Translated plagiarism remains one of the most
difficult forms of academic misconduct to detect. Since few researchers
actively follow the literature in multiple languages, peer review is unlikely
to recognize translated plagiarism. Software is largely useless in helping to
identify translated plagiarism, because today’s plagiarism detection systems rely
on a minimum amount of text similarity to spark suspicion, yet translations
typically contain very low or no textual overlap. When documents use different
alphabets, e.g. Chinese, Korean, or Russian characters compared to Latin
characters, available detection systems stand no chance.

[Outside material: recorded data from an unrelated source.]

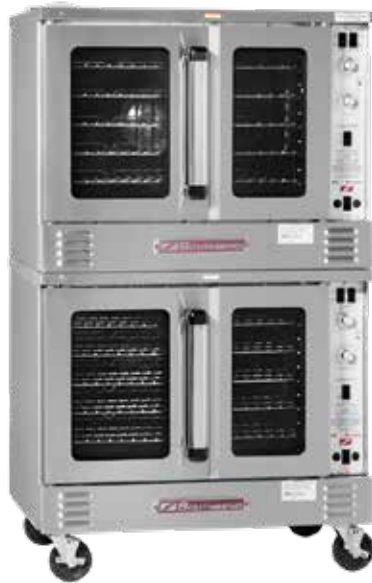
SLGS/22SC shown with optional casters

OPTIONAL NRG System required for rebates. NRG System units are Energy Star Approved. (Standard Depth Only)
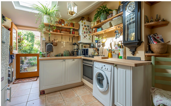
Kitchen/Diner 4.45m x 2.73m (14' 7" x 8' 11")
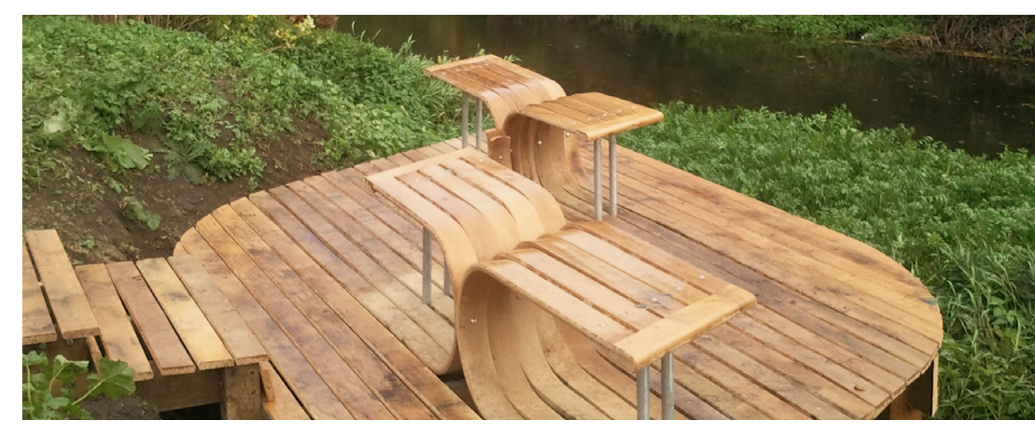
Photo credit: Peter Fry. Artist: Angus Ross. Images courtesy of Canterbury City Council.

4.4.2 Boundless Creativity: culture in a time of Covid 19 (2021): In response to the devastating impact on the sector due to Covid 19, DCMS established a research project with partners UK Research and Arts and Humanities Research Council (AHRC) to assess impacts on the cultural and creative sectors, providing recommendations for post-pandemic recovery. It also looked at innovation and emerging use of technology stimulated by the crisis.

A new approach for plagiarism detection, termed
Citation-based Plagiarism
Detection (CbPD) goes beyond literal text similarity to detect potential
plagiarism. The citation-based approach examines the in‑text placement of academic citations to form a language and
text independent “fingerprint” of semantic similarity. The practicability of this
citation-based approach was initially demonstrated in an analysis of the translated
plagiarism in the prominent plagiarism case of K.-T. zu Guttenberg. Recently, a group of
researchers in cooperation with students from the HTW-Berlin developed the first citation-based plagiarism
detection prototype, “CitePlag”.
In the image below, CitePlag visualizes one of the five articles that were retracted
from Neuroscience Letters. No textual
similarity remains between the two publications, since the plagiarism (left) is
a translation into English of the Chinese original (right). The citation-based
approach, however, identifies and connects matching citations in a central scrollable
column for human inspection. Examine this example for yourself in CitePlag. For more information
on the prototype and the algorithms it implements, refer to this publication.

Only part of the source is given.